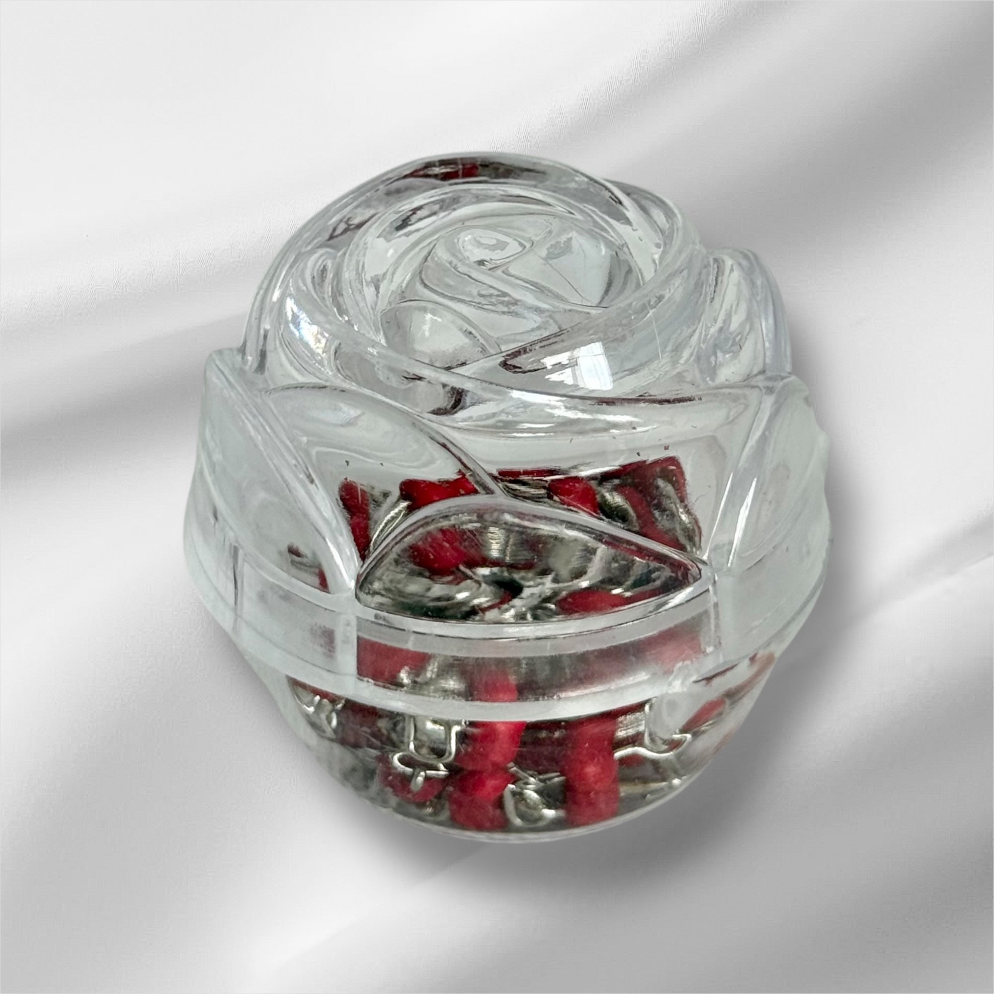 It comes elegantly encased in a clear rose-shaped box. A gentle symbol of purity and faith, perfect for gifting or personal prayer.
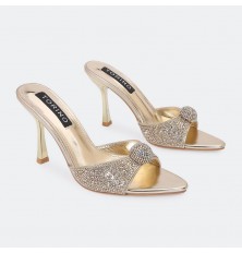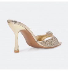لا غنى عن هذا النعال في تشكيلة أحذيتك , ذو كعب 9سم أنيق ولامع, مزين بالستراس مع اكسسوار ناعم براق، متوفر بألوان لا غنى عنها
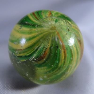 Shrunken core. Yellow subsurface layer with green and pink skin. One small blown airhole. Beauty. Germany, circa 1860-1920. 25/32". Mint(-) (9.2).
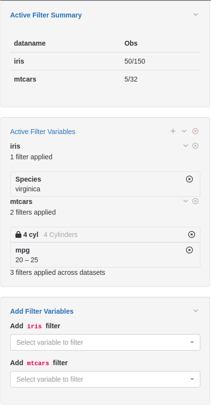 datasets <- init_filtered_data(list(iris = iris, mtcars = mtcars))
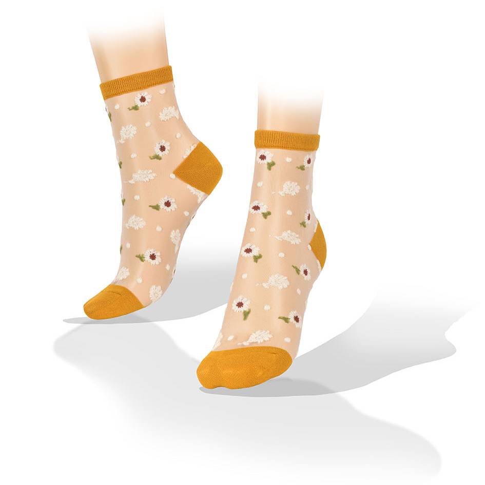 Medias Transparentes con Margaritas Fondo Mostaza Aves del Plata™
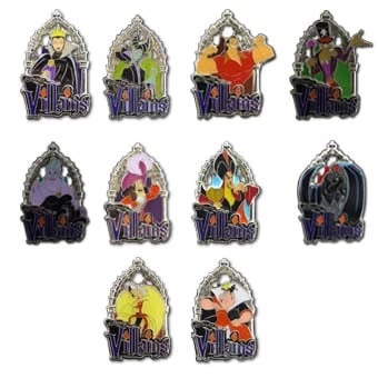 The 2012 Mickey’s Not So Scary Halloween Party limited release mystery pin collections plus chasers pins features all of your favorite Disney Villains. Edition size of the chaser pin is 150. This pin set will be released at the Magic Kingdom Park during the evening parties.
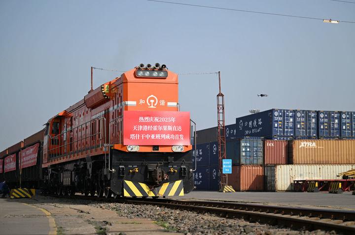 2025年5月20日,2025年首列天津港經(jīng)霍爾果斯直達塔什干的中亞班列從天津港物捷三堆場發(fā)車。
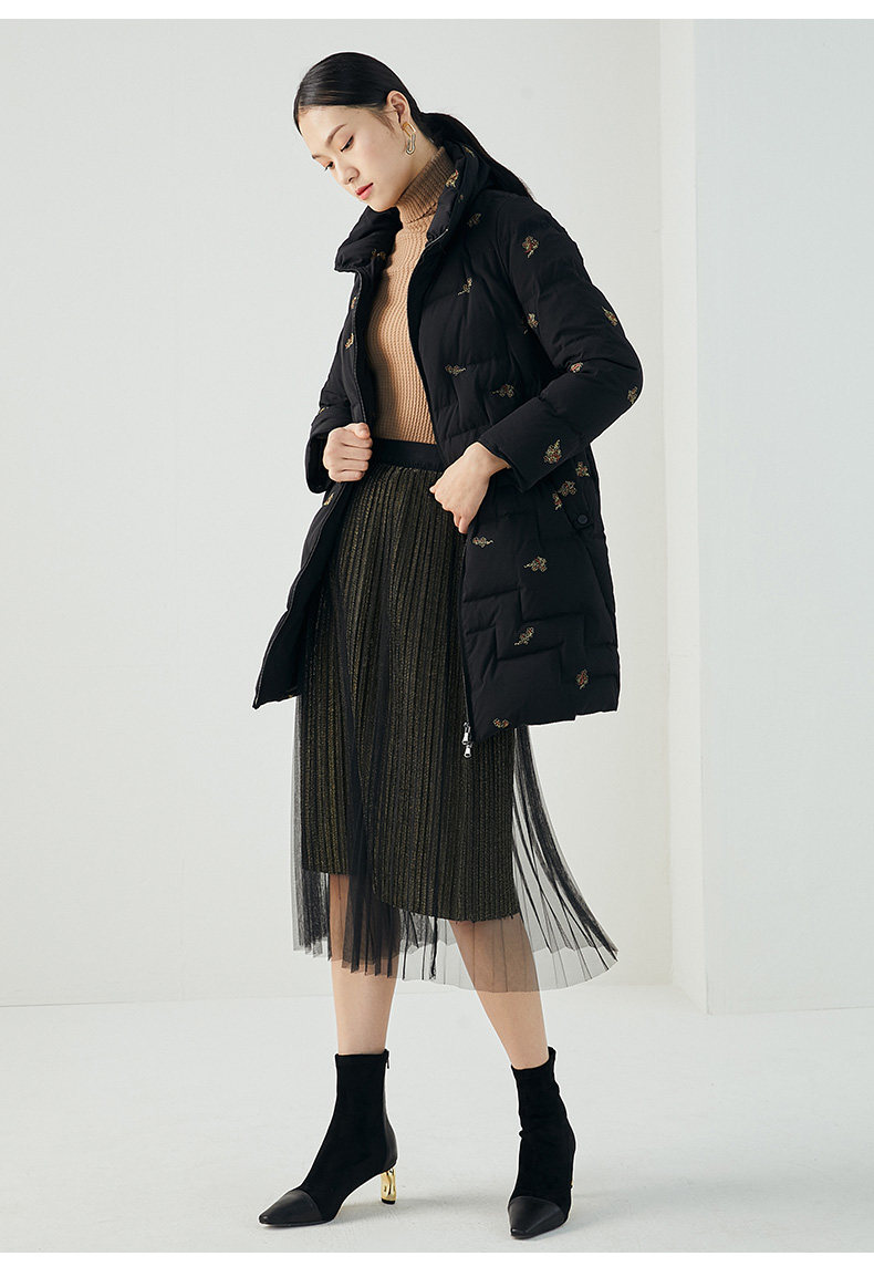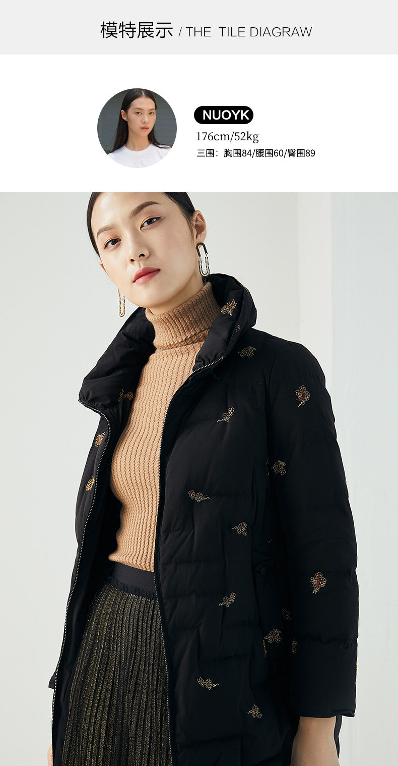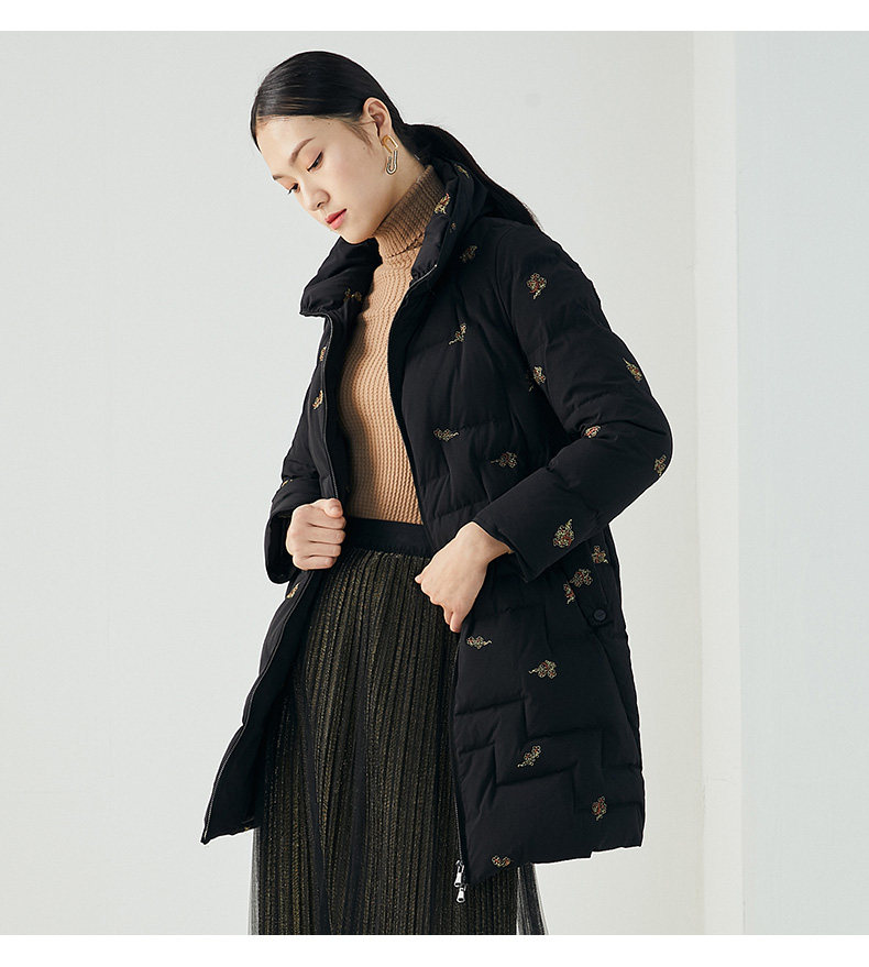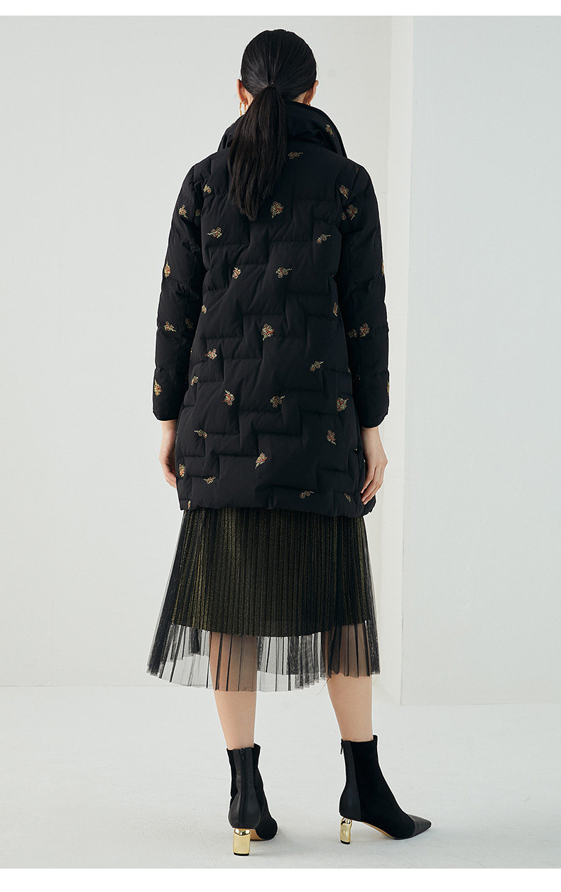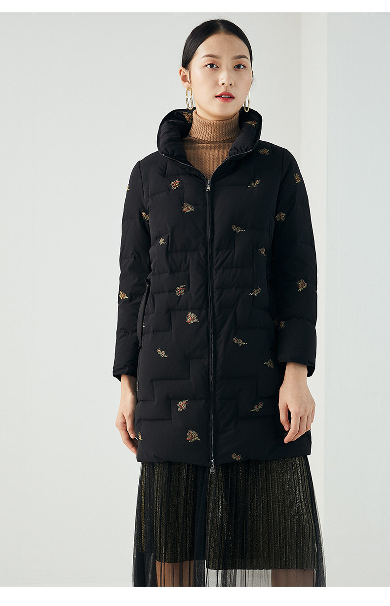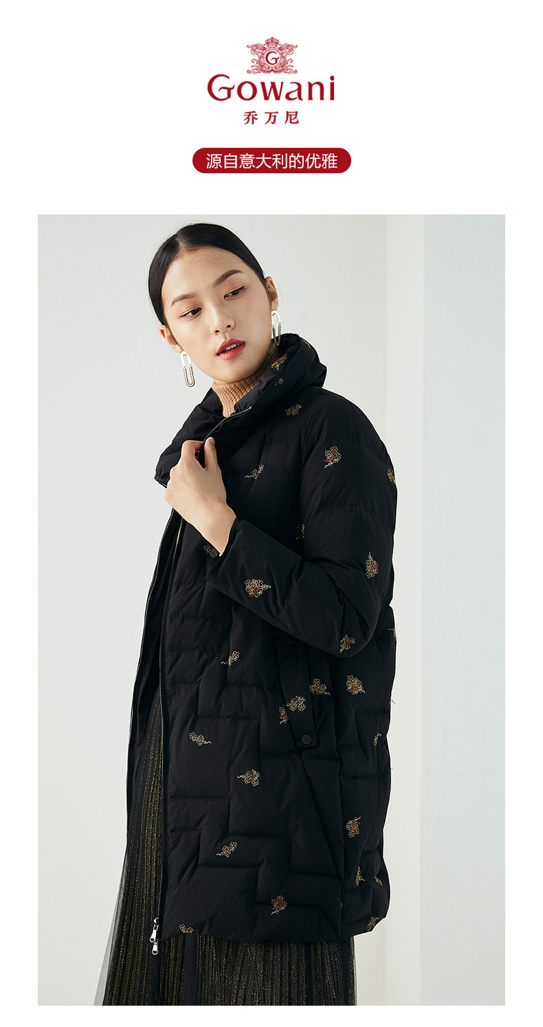 乔万尼秋冬新品重磅绣花工艺如意云设计抗寒保暖中长款羽绒服ES4T429
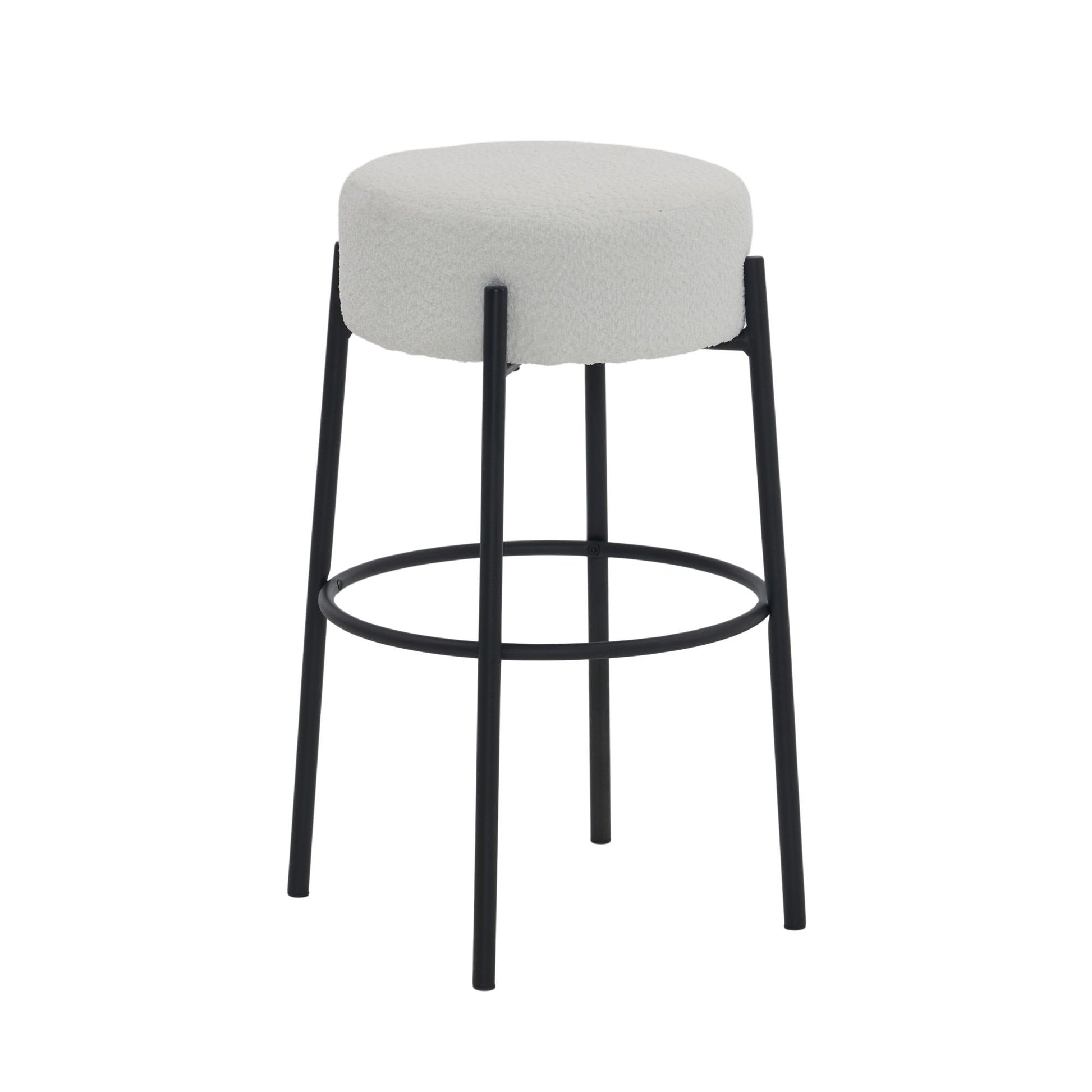 Round High Bar Stools (Set of 2), Contemporary Upholstered Dining Stools For Kitchens, Coffee Shops And Bar Stores - White
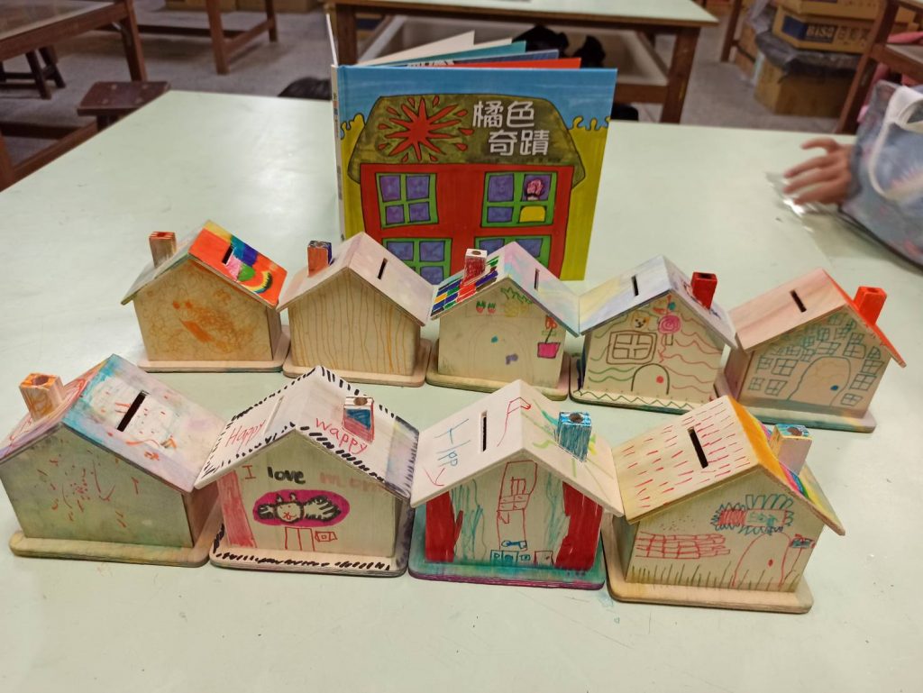 遊戲5 利用浮水染顏料,將小木屋存錢筒,染出自己想要的色彩,晾乾後,可以在房屋的周圍增加一些布置,成為一個小巧美麗的藝術品。課程結束後可以集合大家的小房子,排成一條如繪本《橘色奇蹟》中梅豆豆先生家的巷子或創造個小小社區。(圖9)
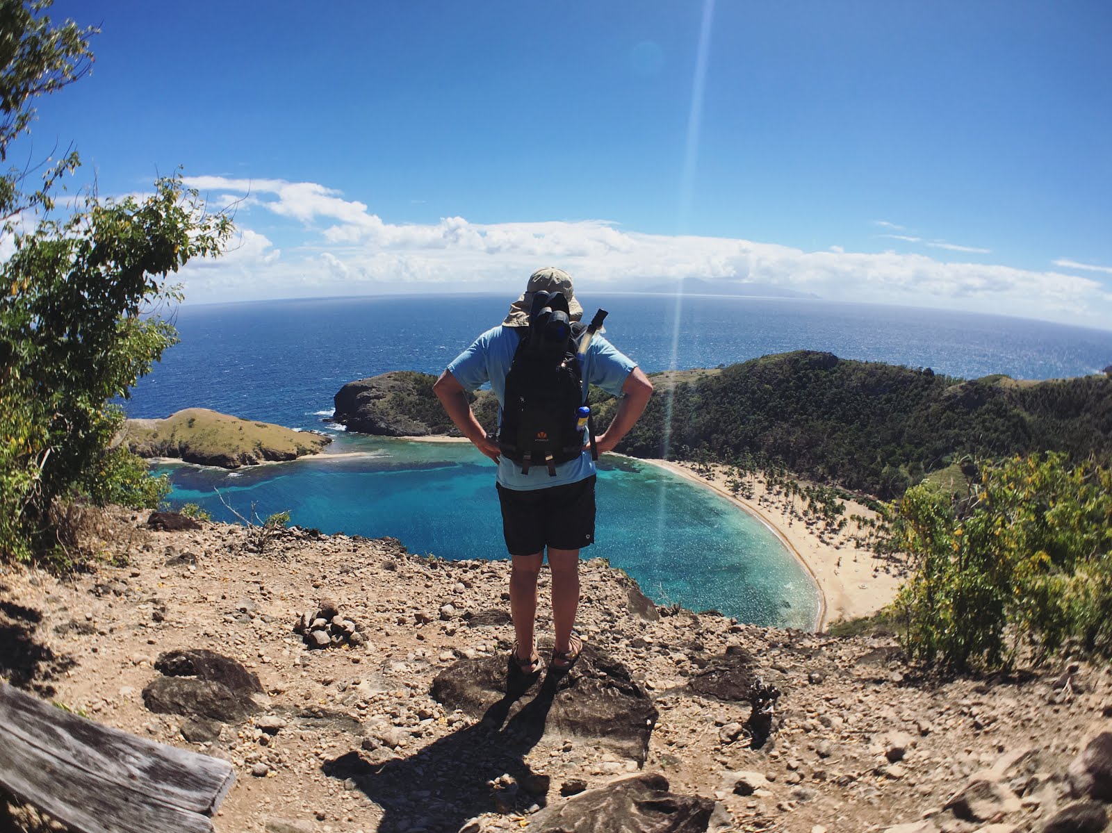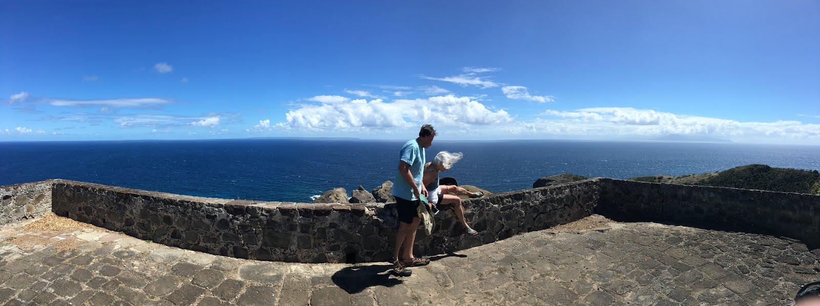 This plan to combine a few activities into one quickly went south as we were hiking more of a steep slope of loose arid soil and gravel in the midday sun, laden with our extra snorkel gear. Whoever said the road to Napoleon was steep by the nature trails to Caroline were a hill certainly misrepresented the quality of these trails. The elevation soon climbed just as high as Fort Napoleon (114m, 374ft) as we looked out towards town across Baie du Marigot. Not all of us made it to the top. Once we reached the trial fork for the beach, half of the crew started to descend while some of us continued onward to the summit where we found an amazing panoramic view of Baie de Pompierre below, and another view out to sea to the north.

━━━━━━━━━━━━━━━━━━━━━━━━━━━━━━

### About this exercise
With the pictures omitted, restate word for word the lines above from the line that has "Round High Bar" up to and including the line that has "遊戲5 利用浮水染顏料,將小", and no other lines.

### Task solution
 Round High Bar Stools (Set of 2), Contemporary Upholstered Dining Stools For Kitchens, Coffee Shops And Bar Stores - White
 遊戲5 利用浮水染顏料,將小木屋存錢筒,染出自己想要的色彩,晾乾後,可以在房屋的周圍增加一些布置,成為一個小巧美麗的藝術品。課程結束後可以集合大家的小房子,排成一條如繪本《橘色奇蹟》中梅豆豆先生家的巷子或創造個小小社區。(圖9)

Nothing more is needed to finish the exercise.